- EXERCISE PROMPT: Write out the listing below character for character, though without its pictures.

- GIVEN MATERIAL:

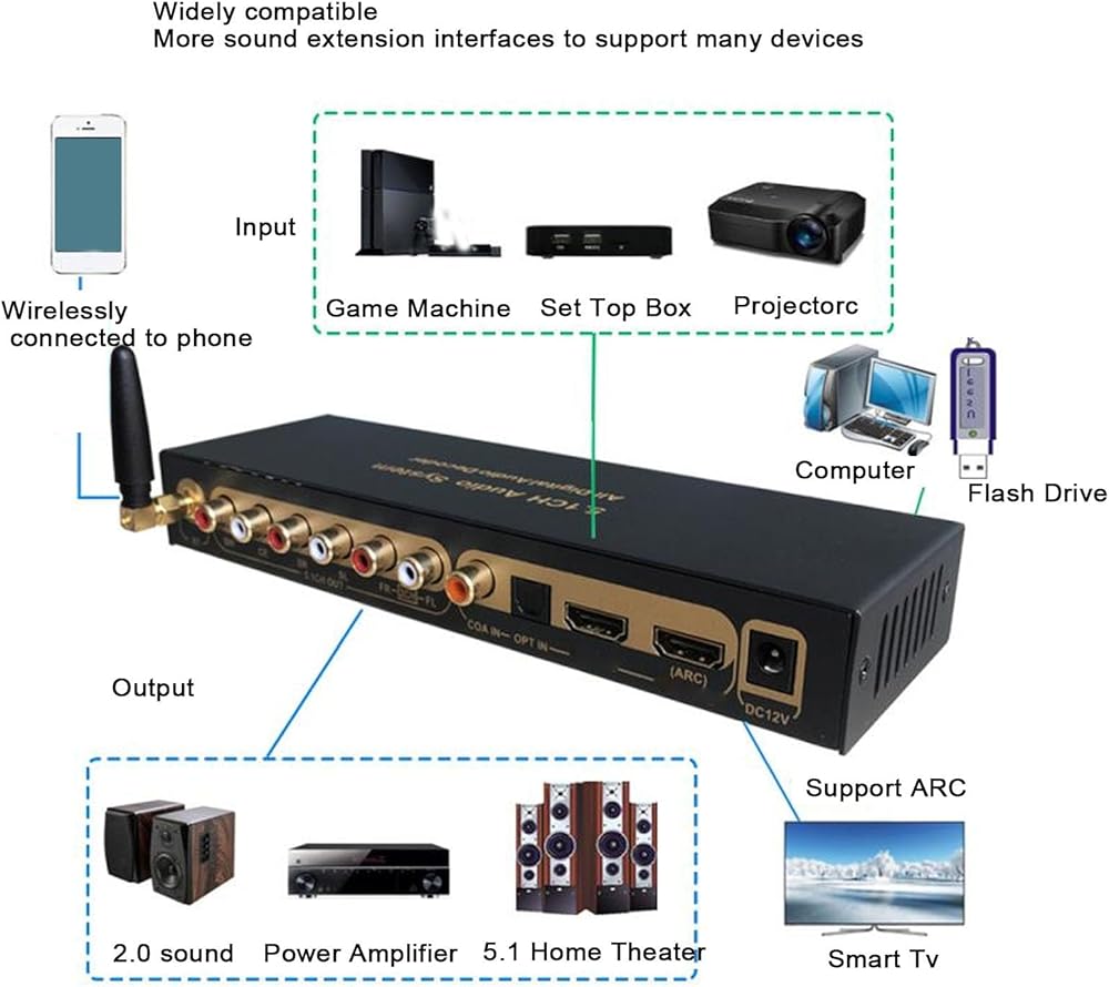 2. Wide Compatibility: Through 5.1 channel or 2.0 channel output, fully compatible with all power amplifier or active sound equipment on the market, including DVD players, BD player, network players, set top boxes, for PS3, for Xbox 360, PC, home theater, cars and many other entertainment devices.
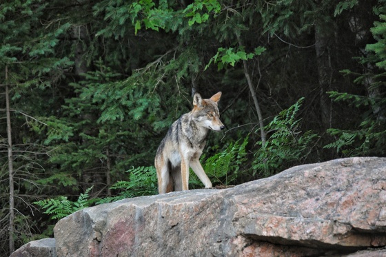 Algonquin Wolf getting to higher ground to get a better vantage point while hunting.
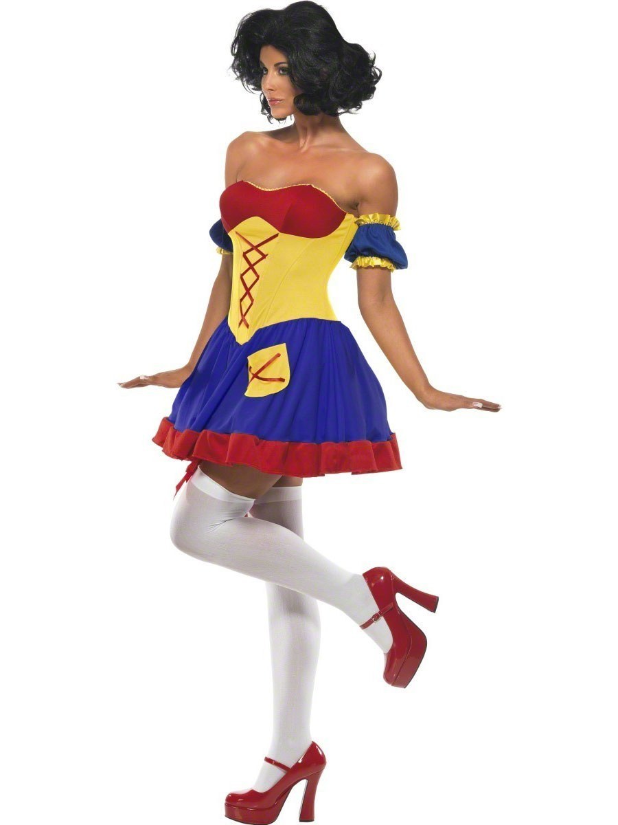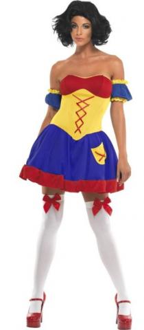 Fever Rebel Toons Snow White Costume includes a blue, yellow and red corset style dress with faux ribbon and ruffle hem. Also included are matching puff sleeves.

- EXPECTED OUTPUT:
 2. Wide Compatibility: Through 5.1 channel or 2.0 channel output, fully compatible with all power amplifier or active sound equipment on the market, including DVD players, BD player, network players, set top boxes, for PS3, for Xbox 360, PC, home theater, cars and many other entertainment devices.
 Algonquin Wolf getting to higher ground to get a better vantage point while hunting.
 Fever Rebel Toons Snow White Costume includes a blue, yellow and red corset style dress with faux ribbon and ruffle hem. Also included are matching puff sleeves.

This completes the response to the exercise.